Due date: Friday, 1 November 2019
In this assignment, you will work on processing photos and scans of printed form in order to extract the form fields and the written information entered in them. These images have been shared with us by Prof. Aaditeshwar Seth and Prof. Chetan Arora, and are images of immunization records which need to be digitized. Since many of the images have been taken by lay participants in uncontrolled environments, they have varying orientation, illumination, contrast, etc. which makes them harder to process automatically. What we want to do is to extract the form fields from each image, and detect the written information in each field.
This assignment is a bit different from the previous ones: it is much more application-driven and open-ended. You are permitted to use built-in routines for all of the topics discussed in class, i.e. edge detection, the Hough transform, thresholding and other segmentation techniques, morphological operations, etc. The challenge is to find a good sequence of operations to apply for each task, and choose the best parameters for each, to get as accurate results as possible.

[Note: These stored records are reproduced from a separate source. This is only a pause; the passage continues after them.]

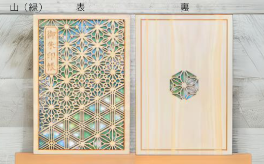T1-4-4 智頭杉の木製御朱印帳/ 山(緑)(カバー付き)
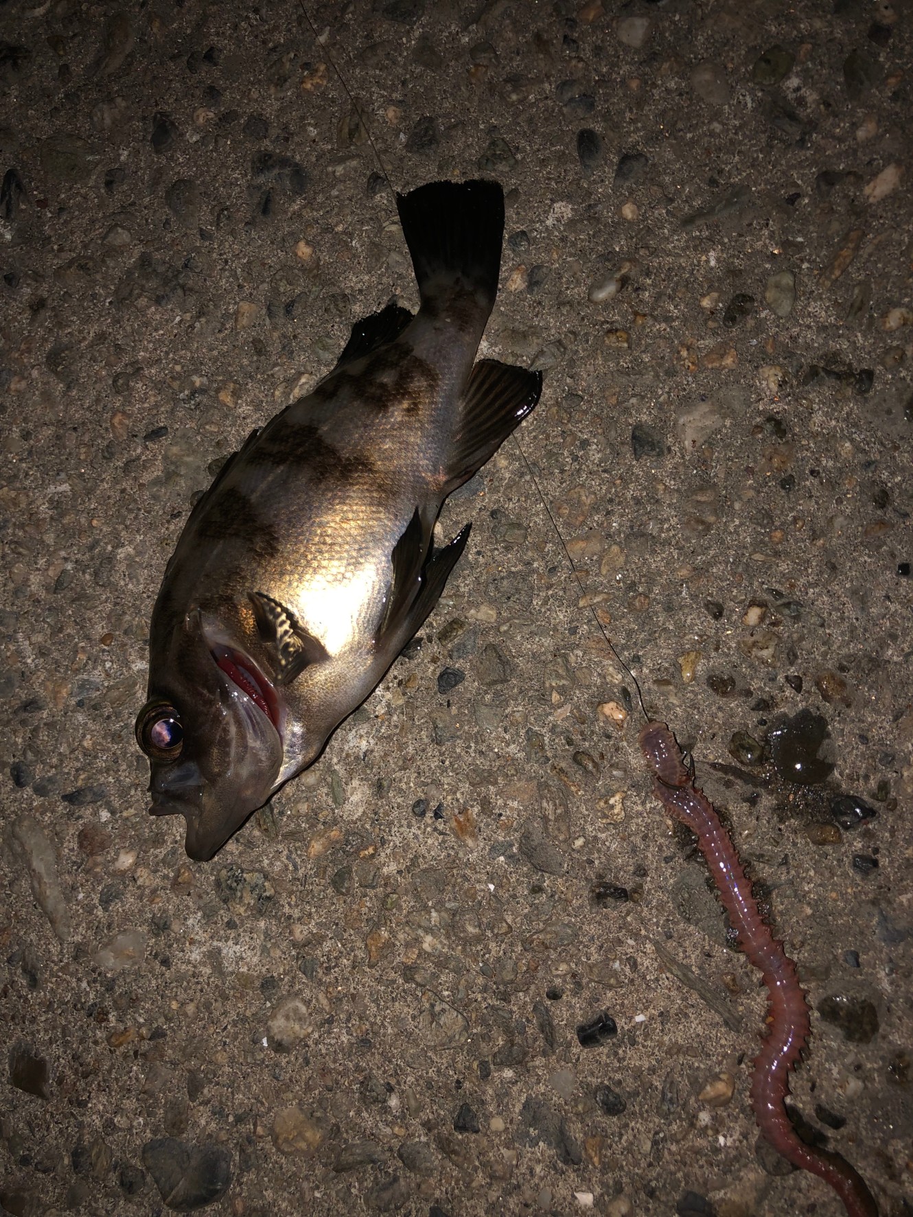 電気ウキの仕掛けで青イソメを使うと15cm程のメバル!
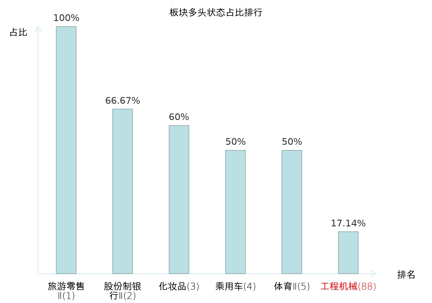 全市场所有行业板块中主力多头状态占比排名中,旅游零售Ⅱ板块位居第一。旅游零售Ⅱ板块名次提升最快,较昨日上升130位。
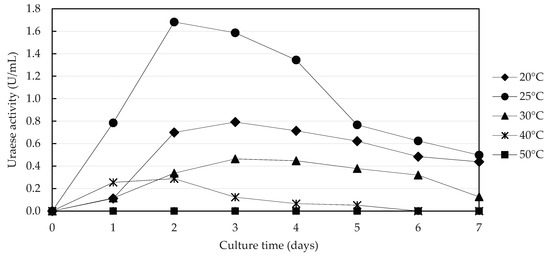 Variation of urease activity of Sporosarcina sp. at different temperatures.
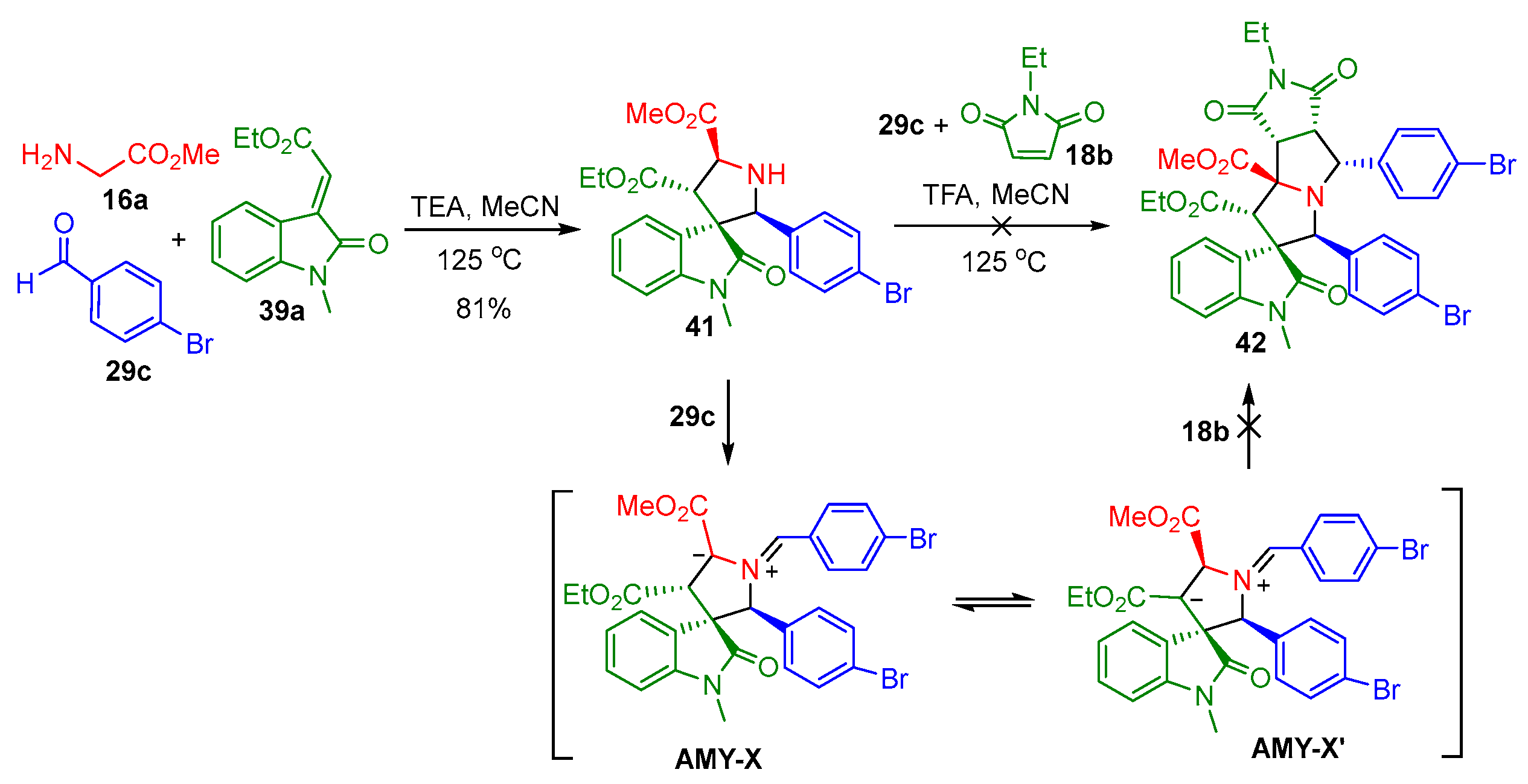 2.1. Double [3+2] Cycloadditions with Stabilized AMYs

Ideally, we would like a method that is fully automatic, that is to say, the same code should work well on all the input images without requiring per-image parameter tuning. If this is not possible (as may well be the case), show results on all the images using the best fixed set of parameters you can find, and for any failure cases, show any better results you can get by manual tuning. To simplify the parameter choice, you may want to resize the images to a consistent size in your code before further processing.

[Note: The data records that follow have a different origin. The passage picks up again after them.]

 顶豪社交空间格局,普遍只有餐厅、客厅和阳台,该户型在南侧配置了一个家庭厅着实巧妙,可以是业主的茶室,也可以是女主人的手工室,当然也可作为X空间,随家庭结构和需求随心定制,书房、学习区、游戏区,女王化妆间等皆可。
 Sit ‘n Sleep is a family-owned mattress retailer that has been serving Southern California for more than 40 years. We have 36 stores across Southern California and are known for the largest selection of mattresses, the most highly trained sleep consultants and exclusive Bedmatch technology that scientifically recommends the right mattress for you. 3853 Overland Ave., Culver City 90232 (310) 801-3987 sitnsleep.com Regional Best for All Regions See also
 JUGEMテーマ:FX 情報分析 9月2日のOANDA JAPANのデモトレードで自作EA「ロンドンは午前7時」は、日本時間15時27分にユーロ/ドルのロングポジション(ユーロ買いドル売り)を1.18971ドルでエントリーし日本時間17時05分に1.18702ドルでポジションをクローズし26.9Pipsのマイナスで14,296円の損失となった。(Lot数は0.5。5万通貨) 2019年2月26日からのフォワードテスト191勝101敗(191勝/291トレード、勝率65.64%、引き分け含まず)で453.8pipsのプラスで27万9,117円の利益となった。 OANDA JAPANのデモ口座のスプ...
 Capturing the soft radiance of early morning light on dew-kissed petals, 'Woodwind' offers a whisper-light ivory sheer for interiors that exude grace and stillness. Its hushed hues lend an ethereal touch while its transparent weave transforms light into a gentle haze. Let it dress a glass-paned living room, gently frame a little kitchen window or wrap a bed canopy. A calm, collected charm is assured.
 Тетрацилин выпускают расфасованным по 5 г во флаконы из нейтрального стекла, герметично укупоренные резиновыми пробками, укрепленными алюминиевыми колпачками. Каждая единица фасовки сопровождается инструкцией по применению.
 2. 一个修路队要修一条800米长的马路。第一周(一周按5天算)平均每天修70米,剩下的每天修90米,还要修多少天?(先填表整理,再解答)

Download the dataset of images from here. The images are of three different types: (i) scanned, (ii) photos of printed-out forms, and (iii) photos of forms in booklets. Since these three sets have rather different characteristics, you may use different parameters for each set, but try to use the same parameters for every image within a given set.
Alignment
Automatically detect the orientation of the form, and rotate the image to straighten it. You can use a built-in function to perform the rotation, but be careful to choose an interpolation scheme that does not introduce aliasing.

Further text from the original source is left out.